• _GIVEN MATERIAL_:
((

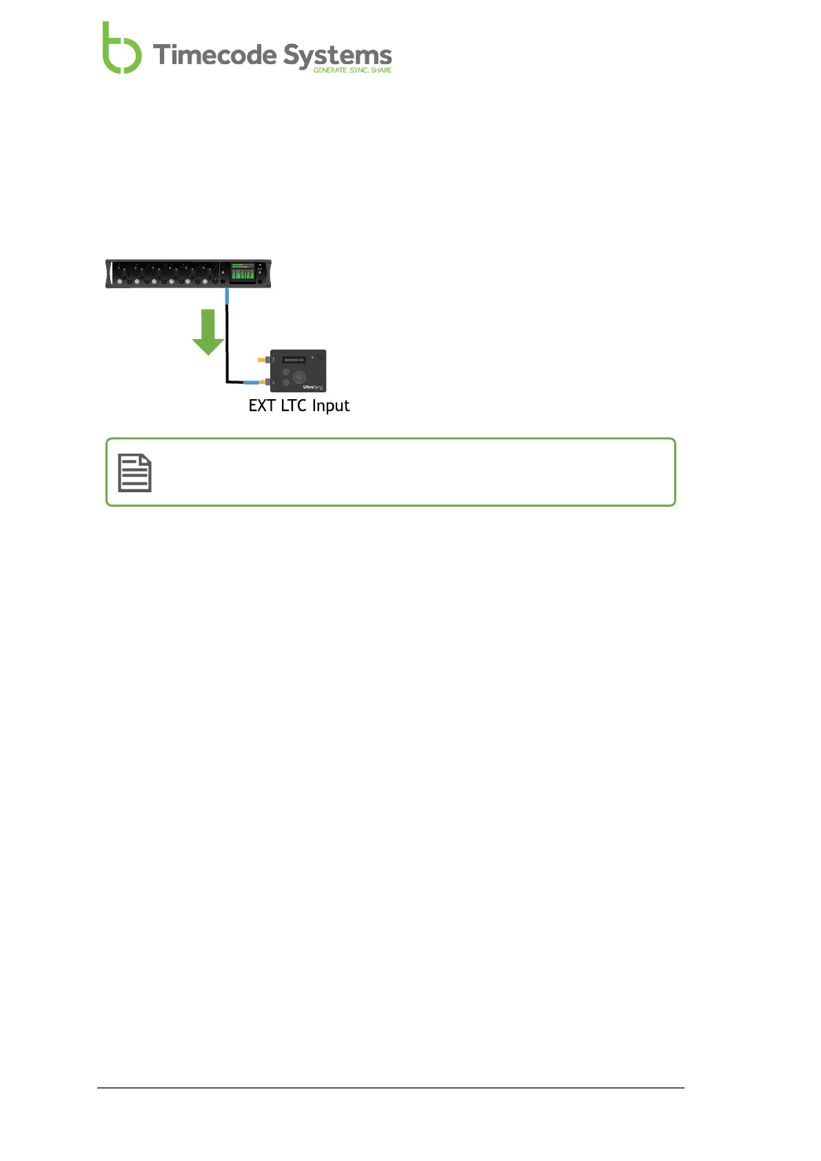 to the LTC port. The timecode can then be used by your UltraSync ONE, and passed
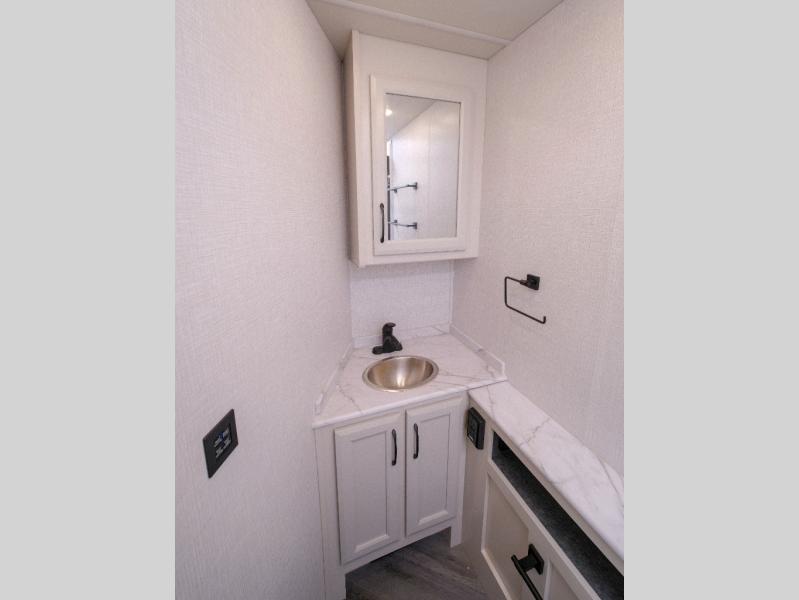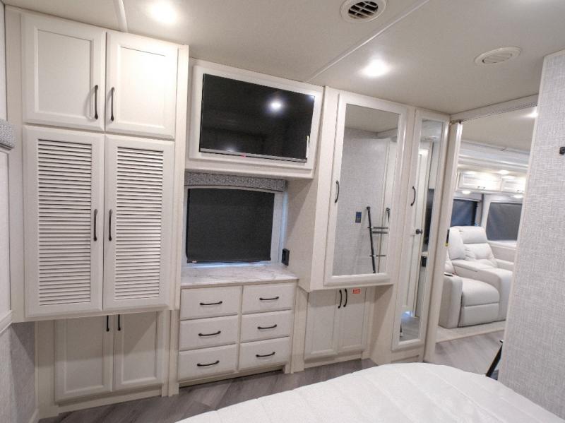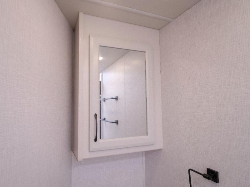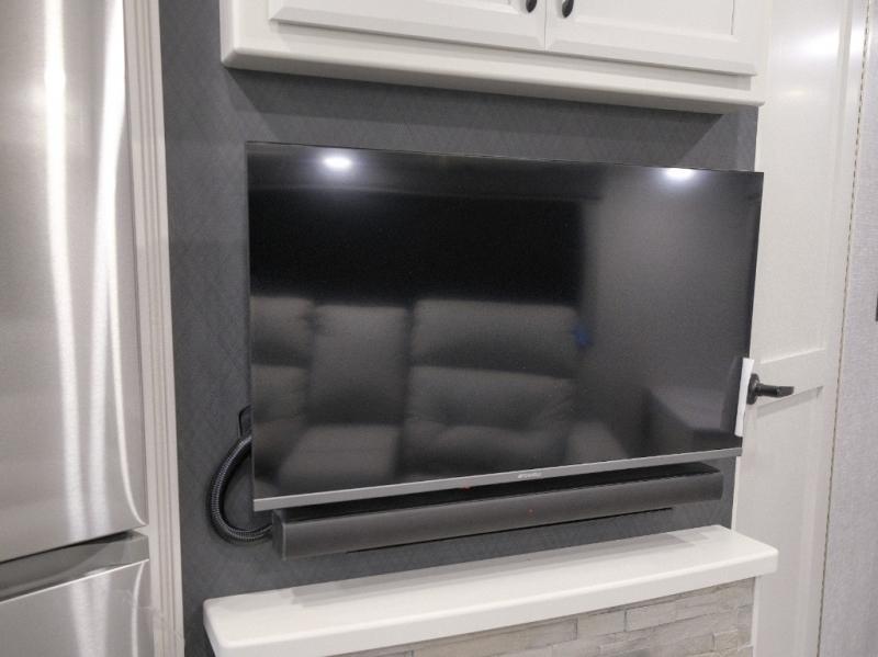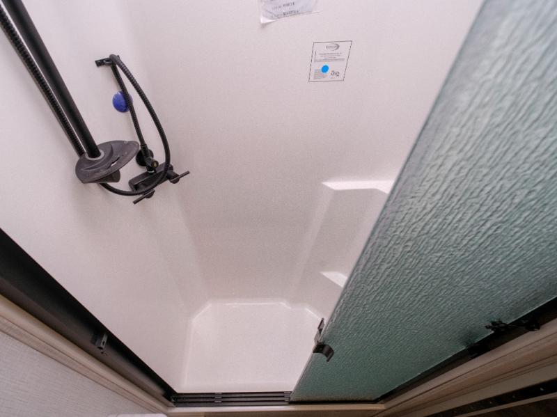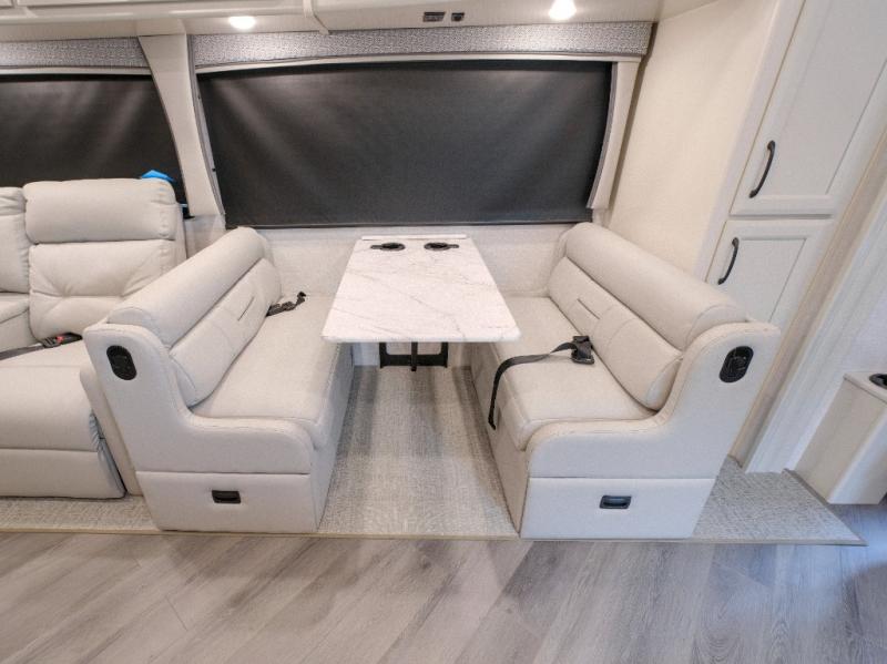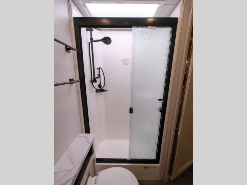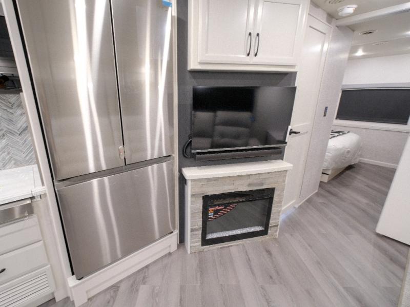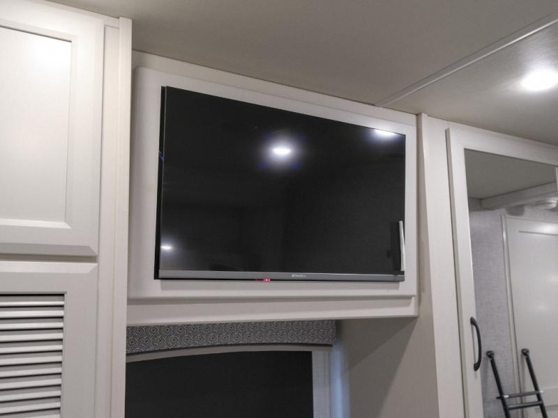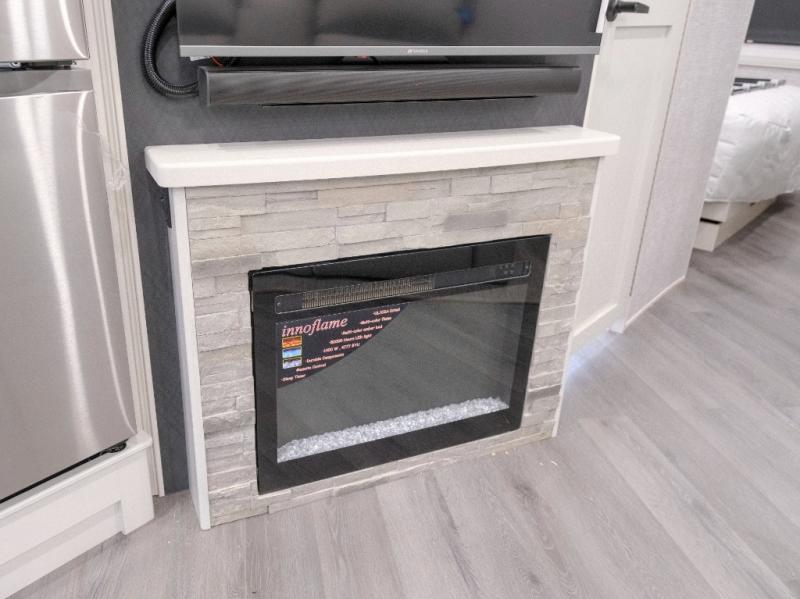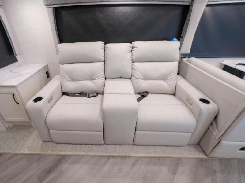 This double slide out coach will meet your needs perfectly on every family vacation. There is a Rest EZ booth dinette and theater seats in the main living area, plus a fireplace with an LED TV to make it feel a little more like home. You can prepare meals on the three burner cooktop, and leftovers can go in the stainless steel residential refrigerator. You're going to love the spacious full bath that includes a shower with a seat, a skylight, plus a medicine cabinet with a mirror. The Hide-A-Loft drop-down over bunk can be used if you need a space for guests, and you'll enjoy the Serenity Series king bed slide out and your own LED TV!
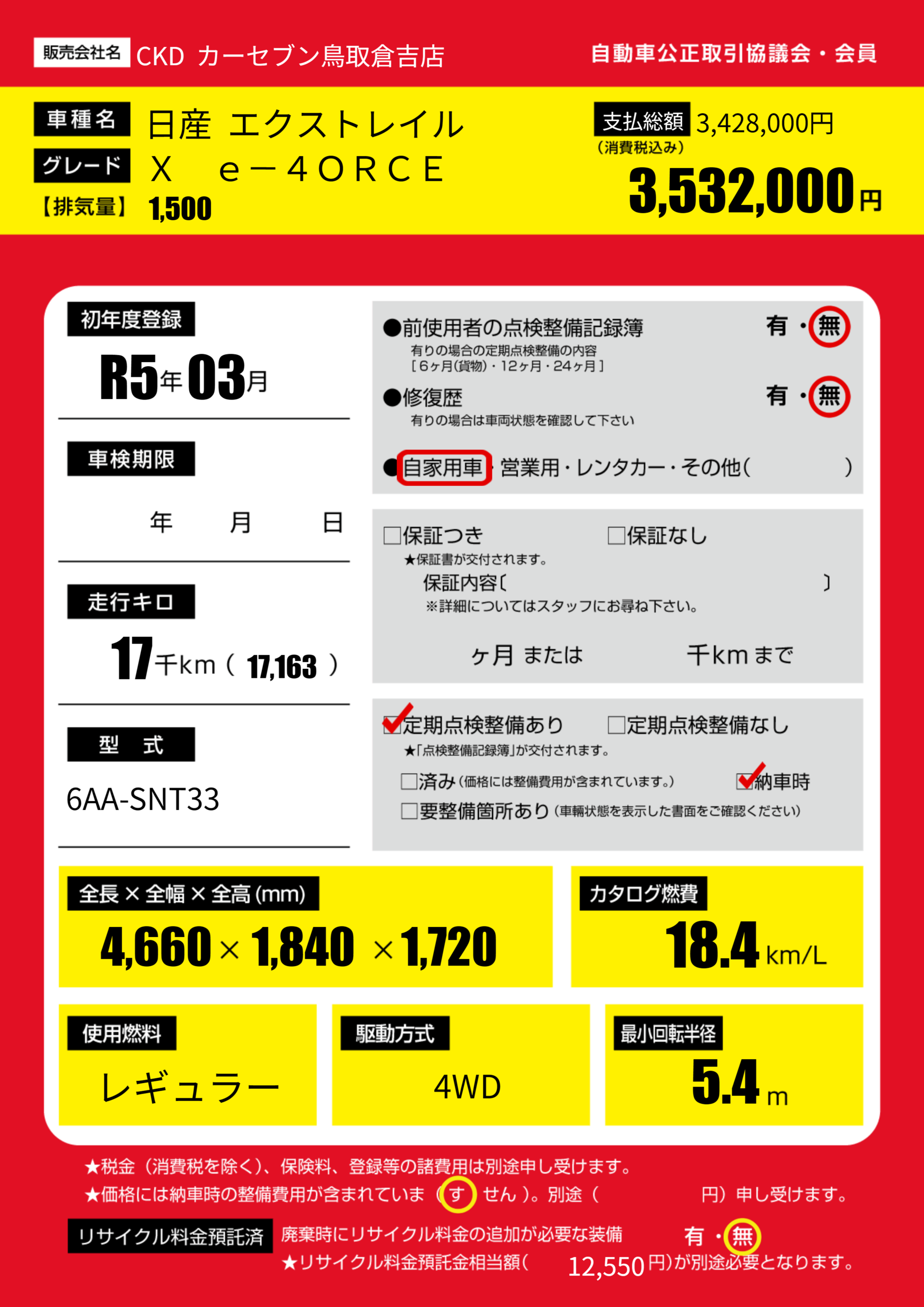 | 初年度登録 | R5年03月 | ||
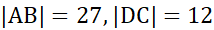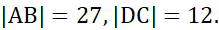 Odcinki są podstawami trapezu ABCD. Punkty E, F zaznaczono kolejno na ramionach AD i BC tak, aby trapezy EFCD i ABEF były podobne. Stosunek pól tych trapezów wynosi 4:9, zaś |EF|=18 cm. Należy obliczyć długość danego podstaw danego trapezu.

))

• _WORK REQUIRED_: None of the pictures belong in the copy. Write out exactly the lines from the line that holds "This double slide" through the last line of the listing above, both ends included.

• _EXERCISE RESULT_:
 This double slide out coach will meet your needs perfectly on every family vacation. There is a Rest EZ booth dinette and theater seats in the main living area, plus a fireplace with an LED TV to make it feel a little more like home. You can prepare meals on the three burner cooktop, and leftovers can go in the stainless steel residential refrigerator. You're going to love the spacious full bath that includes a shower with a seat, a skylight, plus a medicine cabinet with a mirror. The Hide-A-Loft drop-down over bunk can be used if you need a space for guests, and you'll enjoy the Serenity Series king bed slide out and your own LED TV!
 | 初年度登録 | R5年03月 | ||
 Odcinki są podstawami trapezu ABCD. Punkty E, F zaznaczono kolejno na ramionach AD i BC tak, aby trapezy EFCD i ABEF były podobne. Stosunek pól tych trapezów wynosi 4:9, zaś |EF|=18 cm. Należy obliczyć długość danego podstaw danego trapezu.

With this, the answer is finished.